Williamsburg Development

I distinctly remember my parents once getting mad at me and saying something like, “the whole world doesn’t revolve around you.”  The thing that I hate about visiting friends in Williamsburg, Brooklyn is that when I’m there, this idea of the world not revolving around me, or at least, people like me, just doesn’t ring true.

I love skateboarding, and fixed gear bikes, and grafitti, but walking down Bedford, I feel like I’m in a commercial.  And the neighborhood is so familiar to me, and familiar enough that, even as a visitor, I notice changes – that Bodega shut down, this Bodega seems to carry fancier beer.  And it’s crazy howyou can seperate out the ironic white-kid graffiti from the rest, and how it has this menacing colonial quality.  It gives me the same fear as seeing the little posts popping up for the surveyors in the field behind my house.

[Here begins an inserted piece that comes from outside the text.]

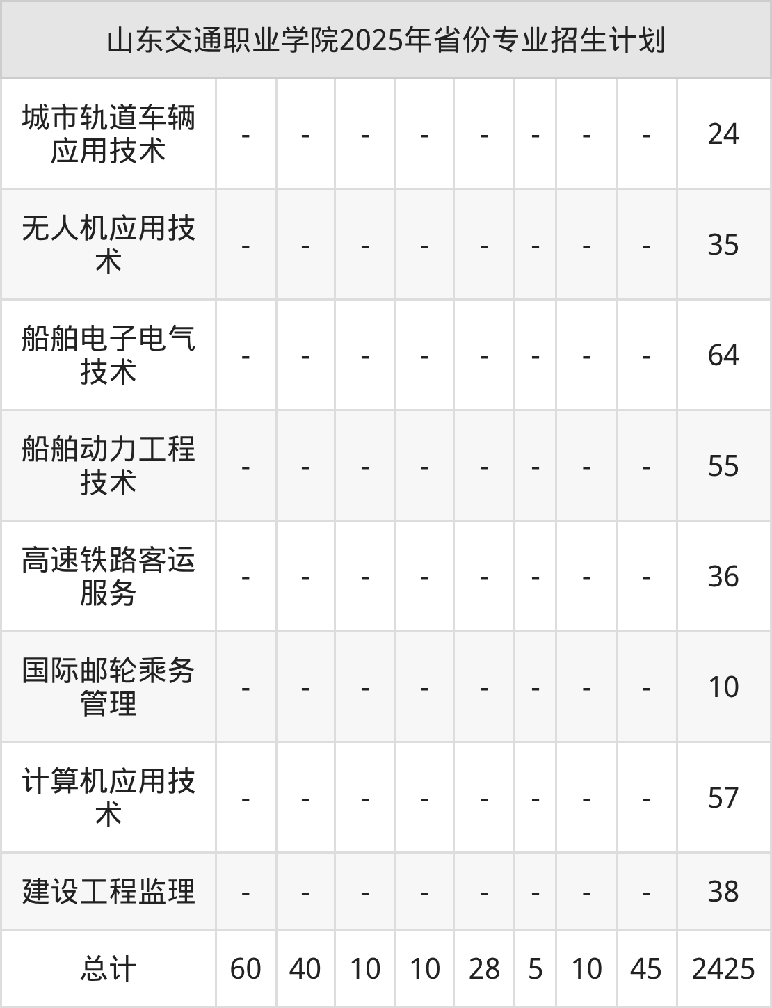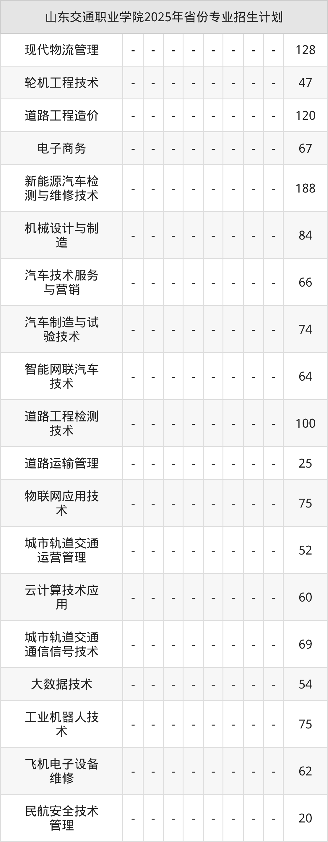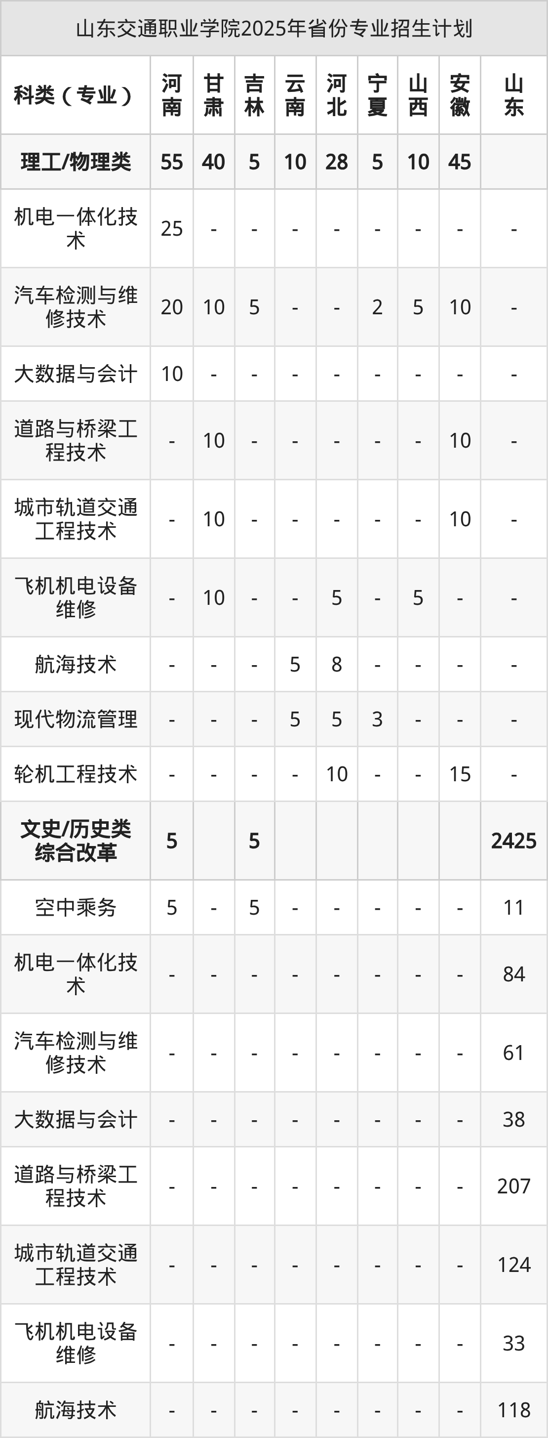 2026年山东交通职业学院专科招生计划待公布,下面附上2025年数据,暂供参考:
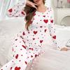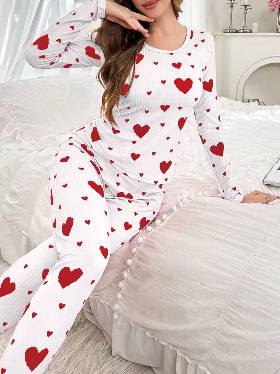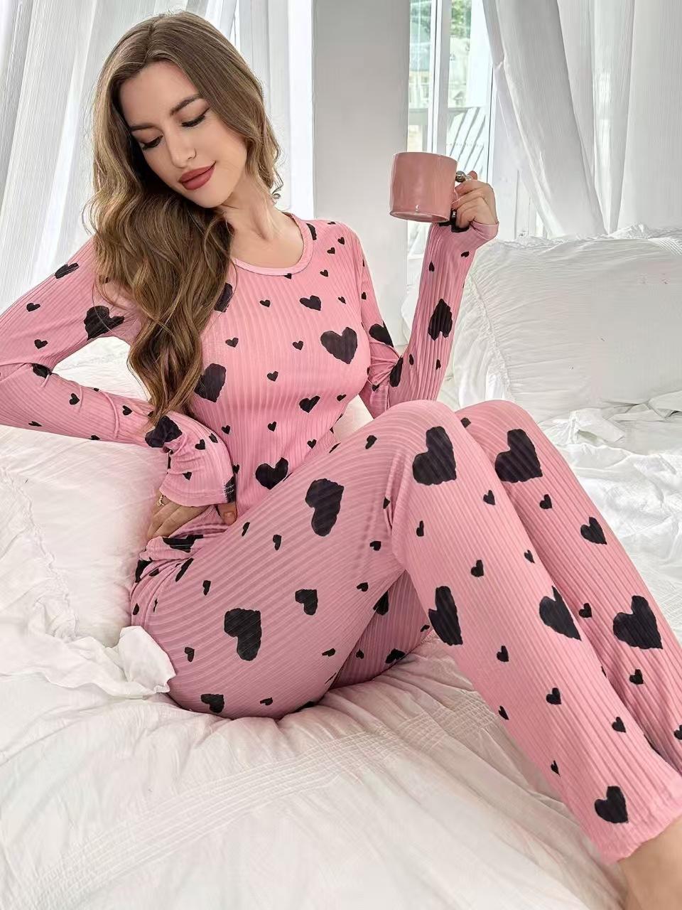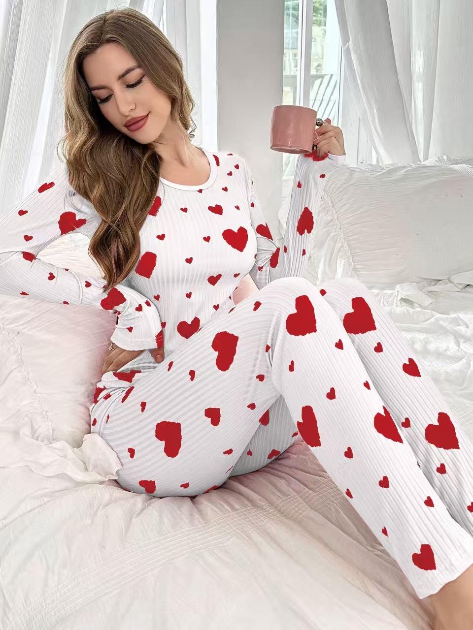 Nuevo Conjunto de Ropa para el Hogar de Comercio Exterior Transfronterizo Estampado de Corazones Manga Larga Pantalón Largo Conjunto Europeo y Americano Más Vendido Pijamas de Dama

Living in Bloomington, I understand that it’s nice to be in a place where there is support and excitement surrounding the things that you make, and the things that you like doing.  But I think that living somewhere should also be a negotiation, or rather, a dialogue between the different desires of different people.  I think that people should exist for themselves and that their survival in a place shouldn’t be tied to existing at the service of others.

Every year the students come back to Bloomington, and it is both frustrating and exciting.  This week, I’ve gotten two e-mails from strangers asking about the show I’m setting up this weekend, and it seems so long ago that people in town were excited about shows.  The university definitely brings a certain vitality to the town, but the relationship can feel one-sided too.  Whether it’s Kiva providing Internet to the college-oriented apartment buildings, Boxcar selling textbooks, or the bike project gearing up for a huge student bicycle demand, everything around me feels like it’s growing to support one kind of person.  Certainly, it’s not much of a dialogue or a compromise, at least on a large scale.  But some of my favorite people in Bloomington are students, and it is true, that more than anywhere else I can think of, any given person has the ability to build things, at least metaphorically, to stand alongside the college apartments, boutiques and bar and grills, to provoke that dialogue, to negotiate that compromise.